Data below:
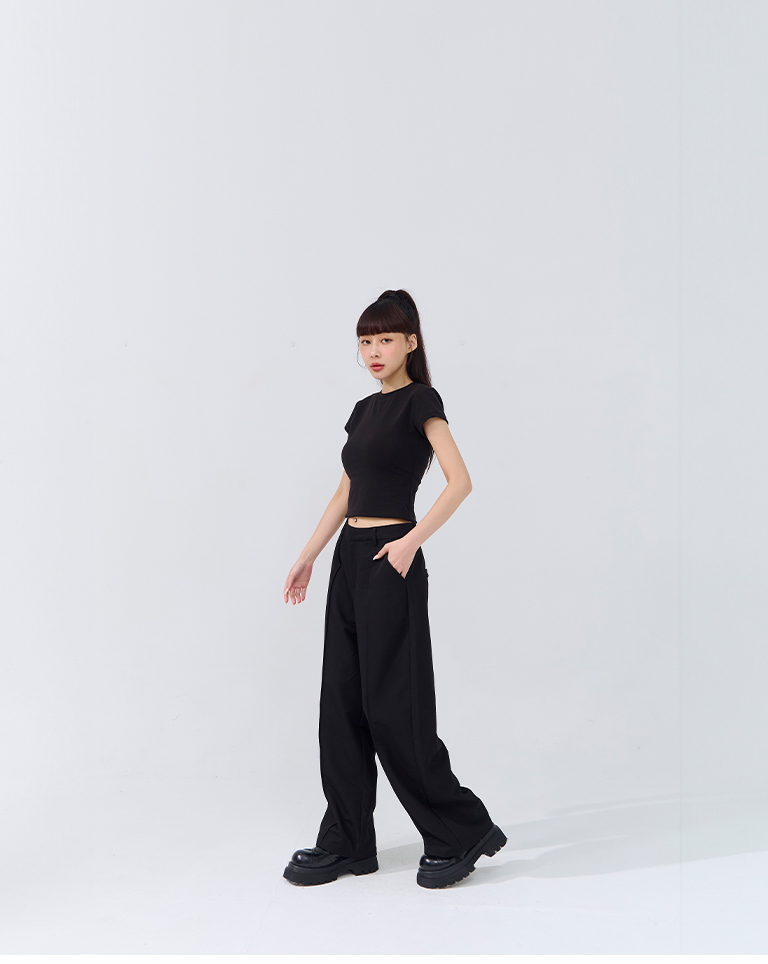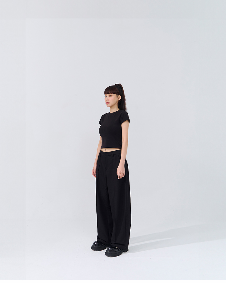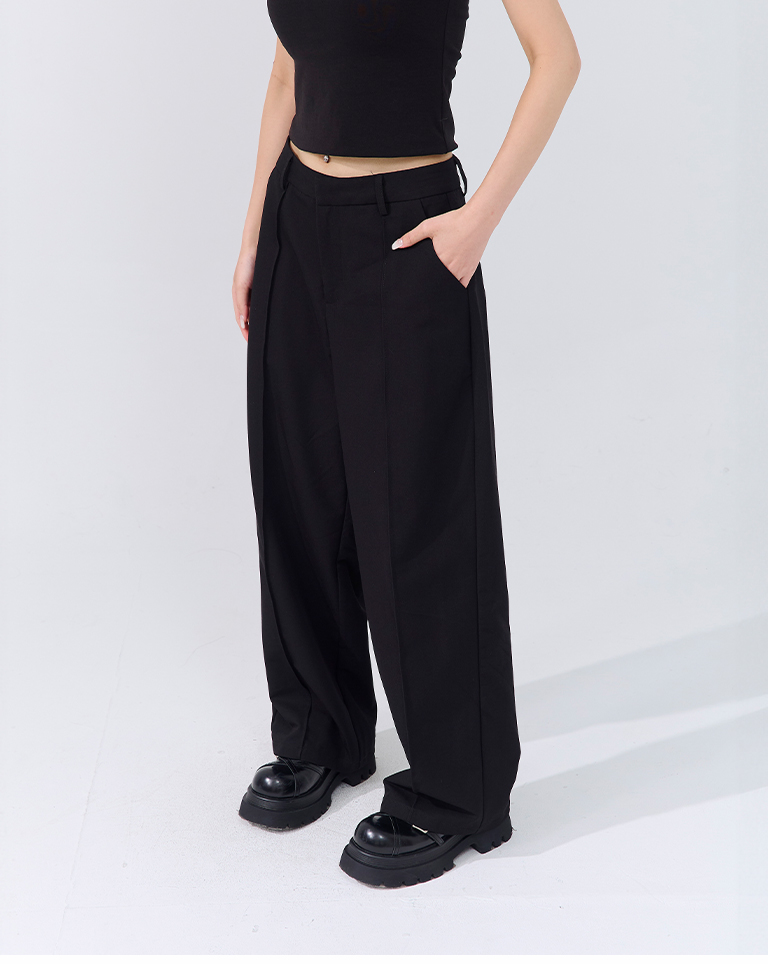 立體褶線低腰西裝長褲-黑 S/M/L
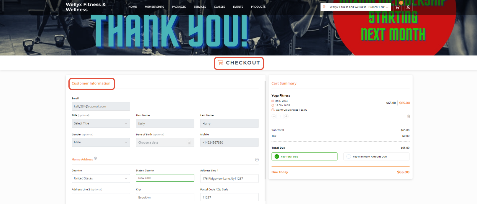 Once done adding Payment Information, click the Checkout Button to confirm the Booking.
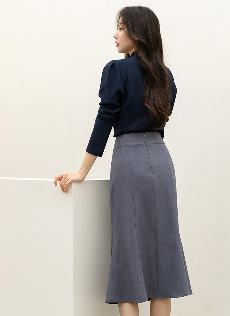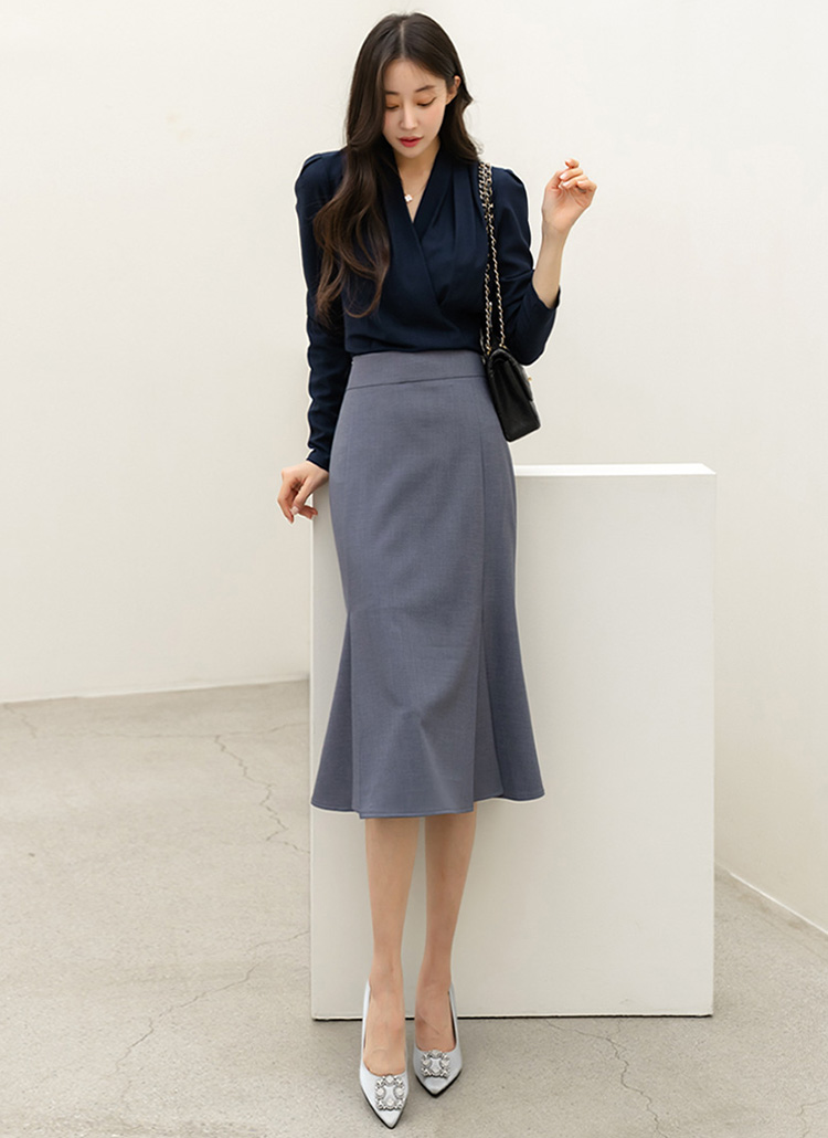 입체적인 절개 디테일로 한층 더 세련된 실루엣을 완성해주는 머메이드 스커트에요

Action item: The answer must be the whole listing, word for word, with no pictures in it. Please write it out.

Finished task:
 立體褶線低腰西裝長褲-黑 S/M/L
 Once done adding Payment Information, click the Checkout Button to confirm the Booking.
 입체적인 절개 디테일로 한층 더 세련된 실루엣을 완성해주는 머메이드 스커트에요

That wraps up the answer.